Otetani, Chief of the Seneca tribe, who was born in 1758, became known as Red Jacket from the bright red coat given him by the British when he supported them during the American Revolution. As chief his title was Sagoyewatha. As the main spokesman for the Six Nations, he became a friend of George Washington. Red Jacket opposed attempts to bring European values to his tribe. This eloquent address at a council of chiefs of the Six Nations was made when Christian missionaries tried to baptize his followers.

It was the will of the Great Spirit that we should meet together this day.

He orders all things and has given us a fine day for our council.

He has taken His garment from before the sun and caused it to shine with brightness upon us.

Our eyes are opened that we see clearly; our ears are unstopped that we have been able to hear distinctly the words you have spoken.

For all these favors we thank the Great Spirit, and Him only.

Brother, this council fire was kindled by you.
It was at your request that we came together at this time.

We have listened with attention to what you have said.
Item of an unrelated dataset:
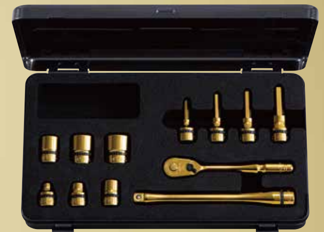
nepros 9.5sq.ソケットレンチセット iPゴールド [12点] No.NTB312GZGL 標準小売価格 ¥41,000 セット内容／[iPゴールド仕様]9.5sq.ソケット(六角)、9.5sq.コンパクトラ チェットハンドル、9.5sq.エクステンションバー、9.5sq.ヘキサゴンビットソ ケット／[ツールケース]片開きメタルケース(NEKB-1)

You requested us to speak our minds freely.

This gives us great joy; for we now consider that we stand upright before you and can speak what we think.

All have heard your voice and all speak to you now as one man. Our minds are agreed.

Brother, you say you want an answer to your talk before you leave this place.

It is right you should have one, as you are a great distance from home and we do not wish to detain you.

But first we will look back a little and tell you what our fathers have told us and what we have heard from the white people.

Brother, listen to what we say. There was a time when our forefathers owned this great island.

Their seats extended from the rising to the setting sun.

The Great Spirit had made it for the use of Indians.

He had created the buffalo, the deer, and other animals for food.

He had made the bear and the beaver.

Their skins served us for clothing.

He had scattered them over the country and taught us how to take them.

He had caused the earth to produce corn for bread.

All this He had done for His red children because He loved them. If we had some disputes about our hunting-ground they were generally settled without the shedding of much blood.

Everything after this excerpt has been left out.